YOUR INSTRUCTIONS – Write out only the lines from the start of the entries up to and including the line with "Zvieratá / Žirafy"; please skip the pictures.

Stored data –
- Opening Delimiter -

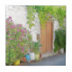 Strandfarbener Blick auf die Straße mit bunten Blume, Türe und Steinmauer in Zypern
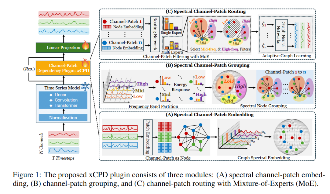 TL; DR:We propose xCPD, a lightweight plugin that models channel-patch dependencies via spectral decomposition and routing, enabling accurate and generalizable forecasting with minimal overhead.
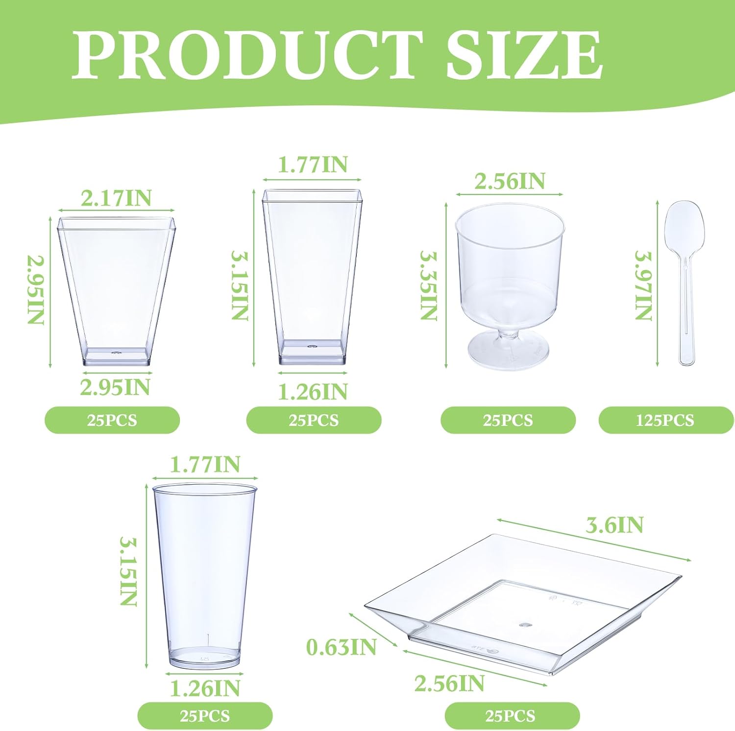 Features: The transparent color of these plastic dessert containers and spoons can showcase your appetizers, desserts and finger foods beautifully, adding a simple but elegant atmosphere to your desserts. The two shapes of our individual dessert cups is modern and classic, which will win likes from most people, and can make your desserts look more exquisite. Specifications: Material: plastic Color: clear Size: Square dessert plate: 3.54 inches/ 9 cm in length Spoon: about 3.94 inches/ 10 cm in length Capacity: Square dessert cup: about 5 oz/ 150 ml, 3 oz/ 90 ml Goblet: about 5 oz/ 150 ml Round dessert cup: about 3 oz/ 90 ml Package includes: 50 x Square dessert cups 25 x Clear plastic plates 25 x Dessert goblets 25 x Round dessert cups 125 x Spoons Notes: Manual measurement, please allow slight errors on size. The color may exist a slight difference due to different screen displays.
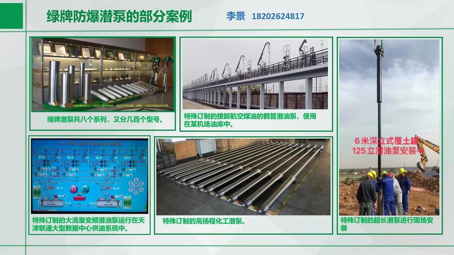 绿牌潜泵年销售逾3000万元,已销售近3万套,数百个加油站及油库等用户零故障案例。
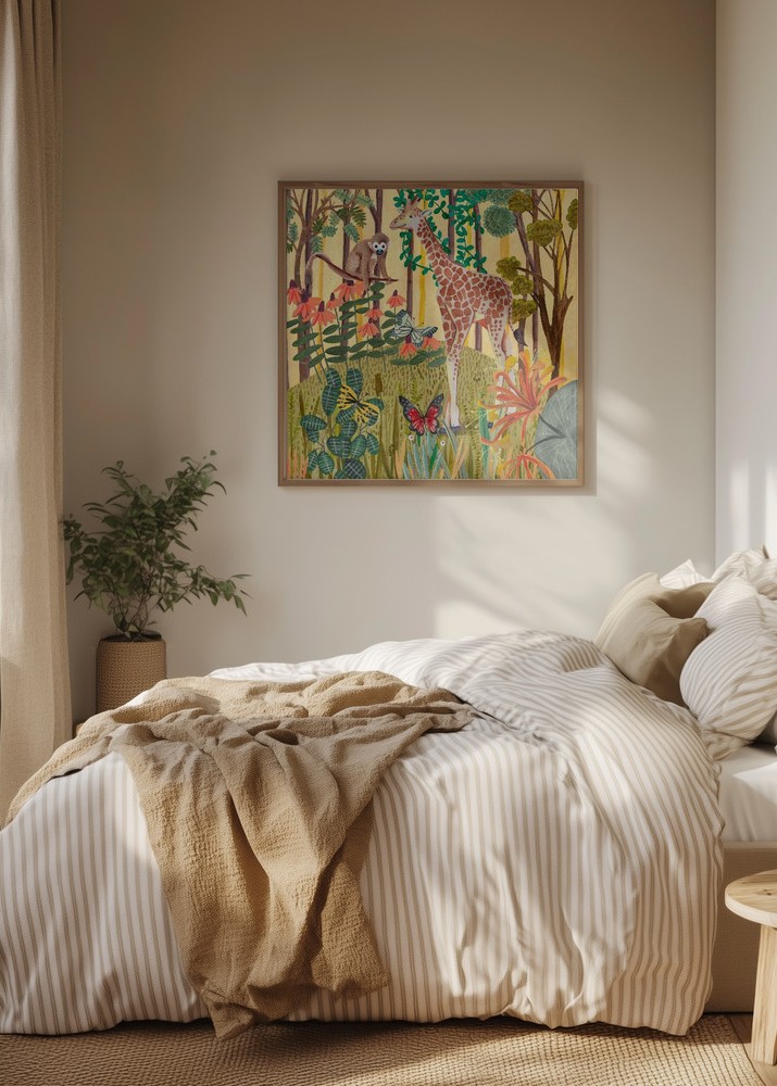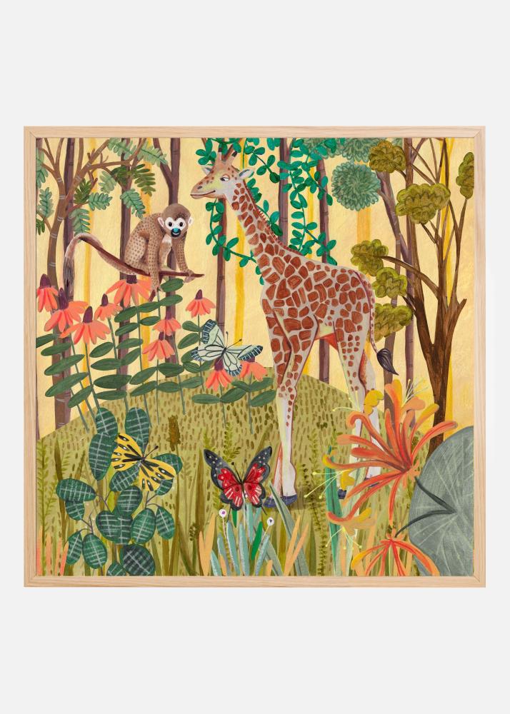 Zvieratá / Žirafy / Kvety / Les / Ilustrácie / Detské obrázky
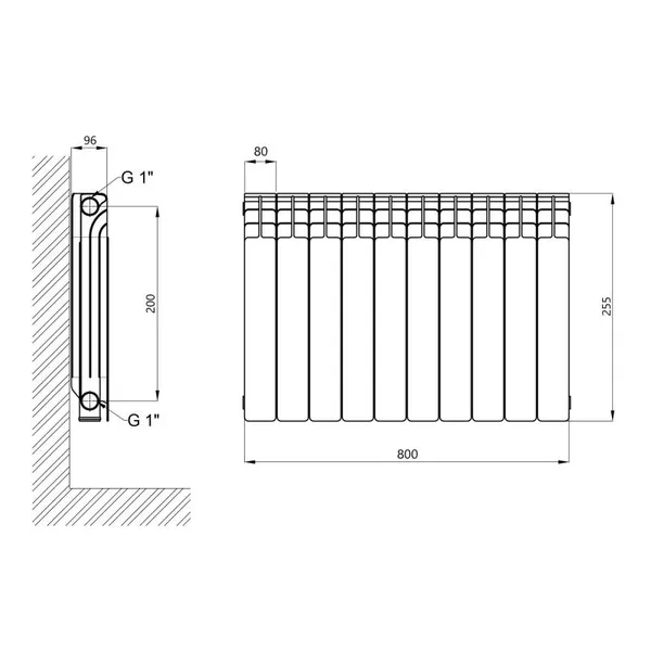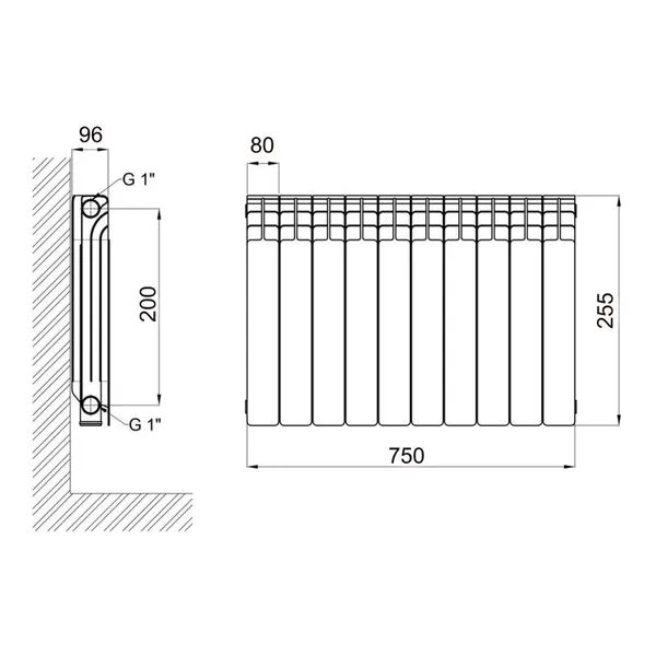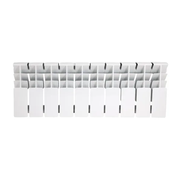 Радіатор біметалевий Thermo Alliance серії Bi-Ferrum 200×96 мм (10 секцій) — компактний і міцний секційний радіатор (арт. F20096B) з боковим підключенням, розрахований на тиск до 30 бар і температуру до 110 °C. Вага однієї секції — 0,81 кг, теплова потужність — 120 Вт. Загальна потужність — 1200 Вт. Міжосьова відстань — 200 мм. Товщина сталевої трубки — 2 мм. Радіатор підходить для автономних і централізованих систем опалення.
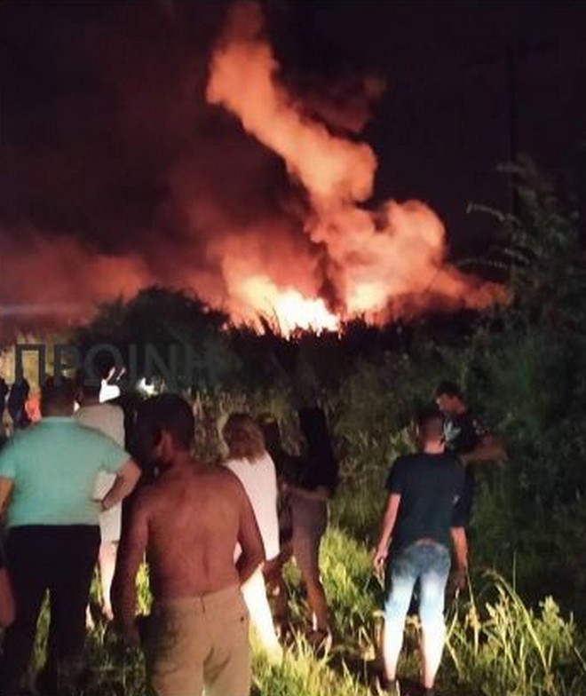 Στο διπλανό χωριό, το Παλαιοχώρι, ο Χρήστος Τσολακίδης έτρωγε έξω με παρέα φίλων, όταν άκουσε έναν έντονο θόρυβο. «Είδαμε μια φλόγα στον ουρανό, να χάνει ύψος και να συντρίβεται…», λέει και εξιστορεί πως επί δύο ώρες άκουγαν συνεχόμενες εκρήξεις, ενώ μια απροσδιόριστη έντονη οσμή σκέπαζε την ατμόσφαιρα.
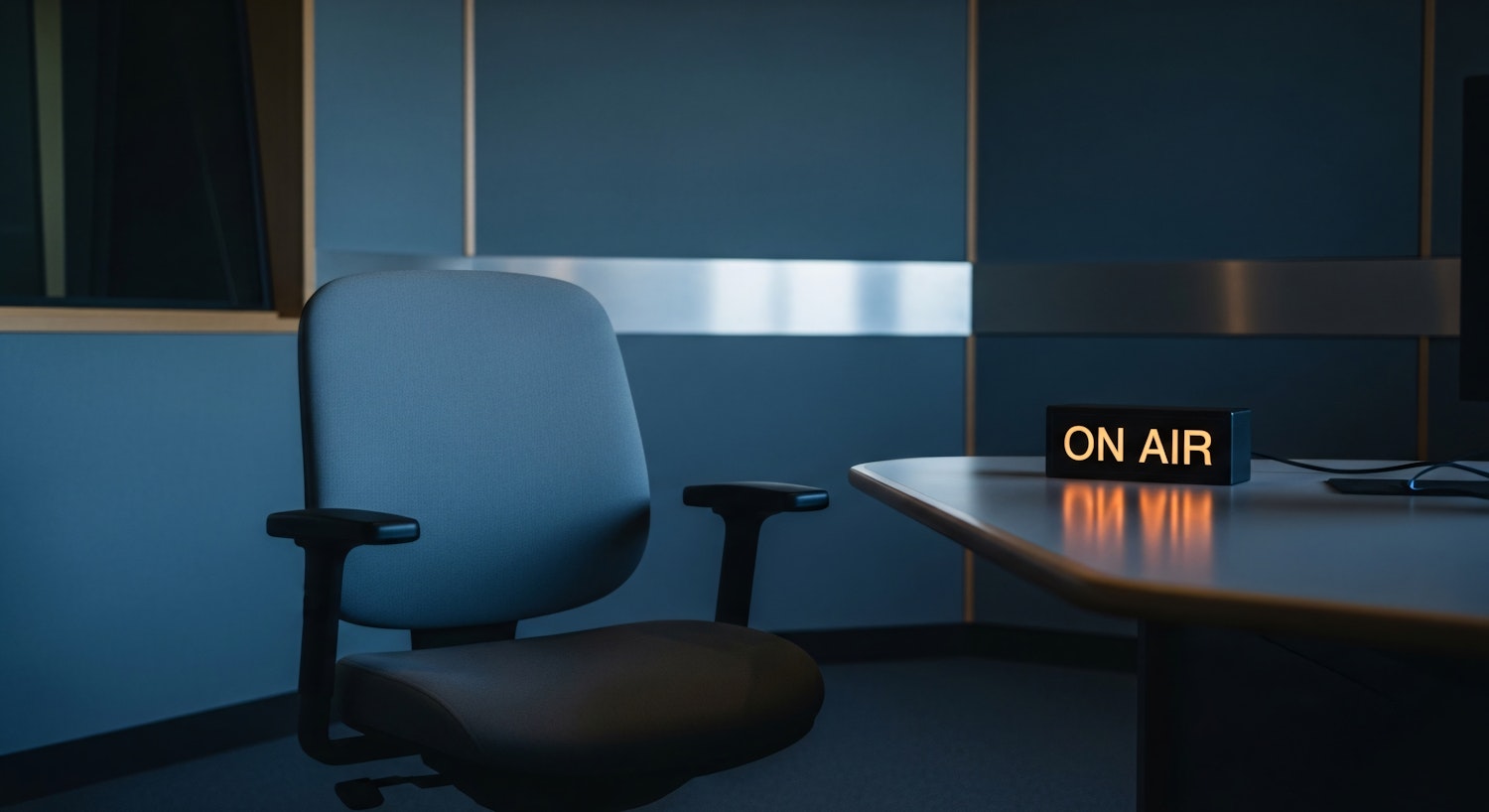 A professional studio setup with a glowing 'ON AIR' sign, a blue office chair, and soundproofed walls, perfect for recording or broadcasting.
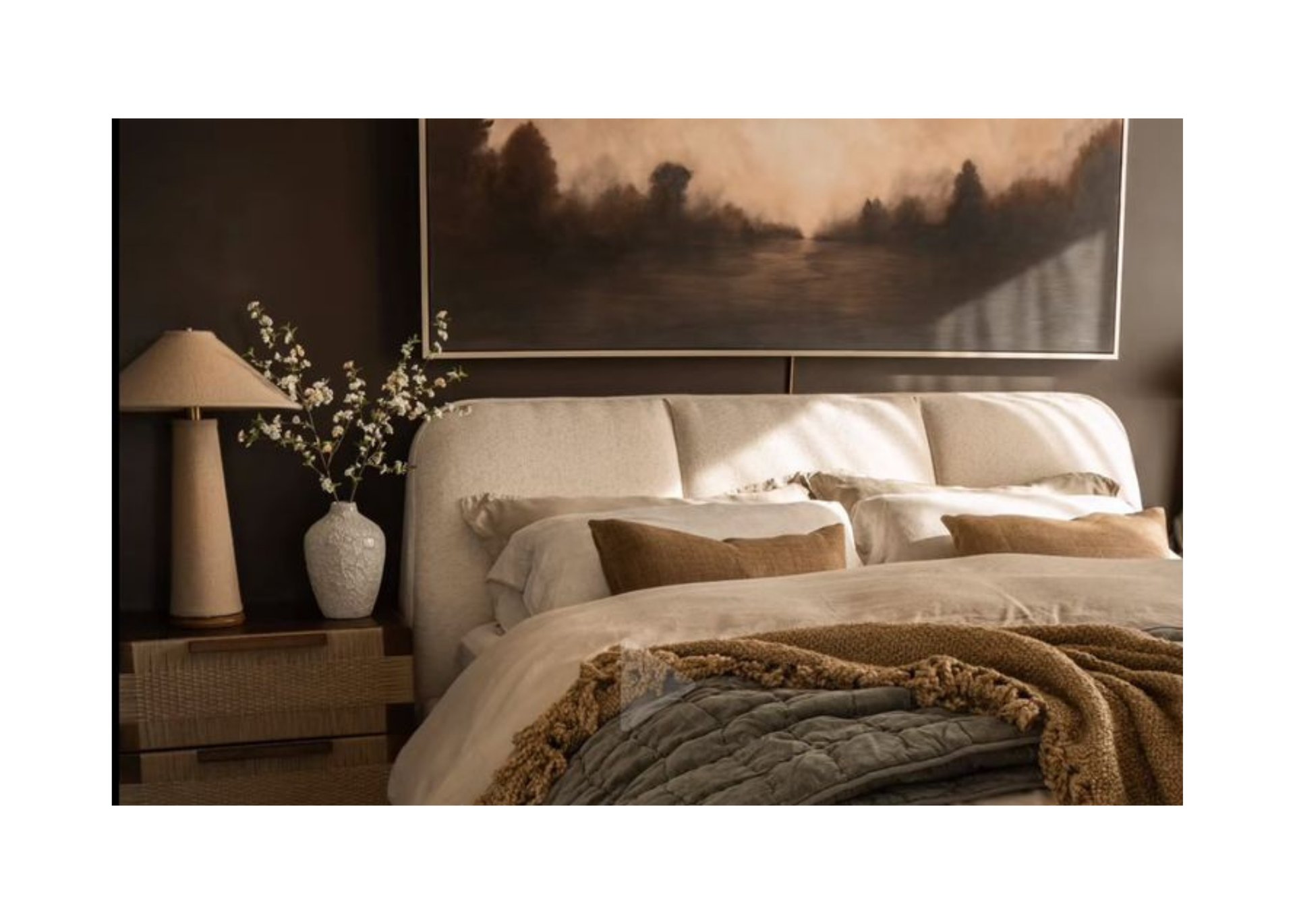 Moody Accents: Darker lampshades or textured wall art add depth.

- Closing Delimiter -

RESULT OF THE EXERCISE –
 Strandfarbener Blick auf die Straße mit bunten Blume, Türe und Steinmauer in Zypern
 TL; DR:We propose xCPD, a lightweight plugin that models channel-patch dependencies via spectral decomposition and routing, enabling accurate and generalizable forecasting with minimal overhead.
 Features: The transparent color of these plastic dessert containers and spoons can showcase your appetizers, desserts and finger foods beautifully, adding a simple but elegant atmosphere to your desserts. The two shapes of our individual dessert cups is modern and classic, which will win likes from most people, and can make your desserts look more exquisite. Specifications: Material: plastic Color: clear Size: Square dessert plate: 3.54 inches/ 9 cm in length Spoon: about 3.94 inches/ 10 cm in length Capacity: Square dessert cup: about 5 oz/ 150 ml, 3 oz/ 90 ml Goblet: about 5 oz/ 150 ml Round dessert cup: about 3 oz/ 90 ml Package includes: 50 x Square dessert cups 25 x Clear plastic plates 25 x Dessert goblets 25 x Round dessert cups 125 x Spoons Notes: Manual measurement, please allow slight errors on size. The color may exist a slight difference due to different screen displays.
 绿牌潜泵年销售逾3000万元,已销售近3万套,数百个加油站及油库等用户零故障案例。
 Zvieratá / Žirafy / Kvety / Les / Ilustrácie / Detské obrázky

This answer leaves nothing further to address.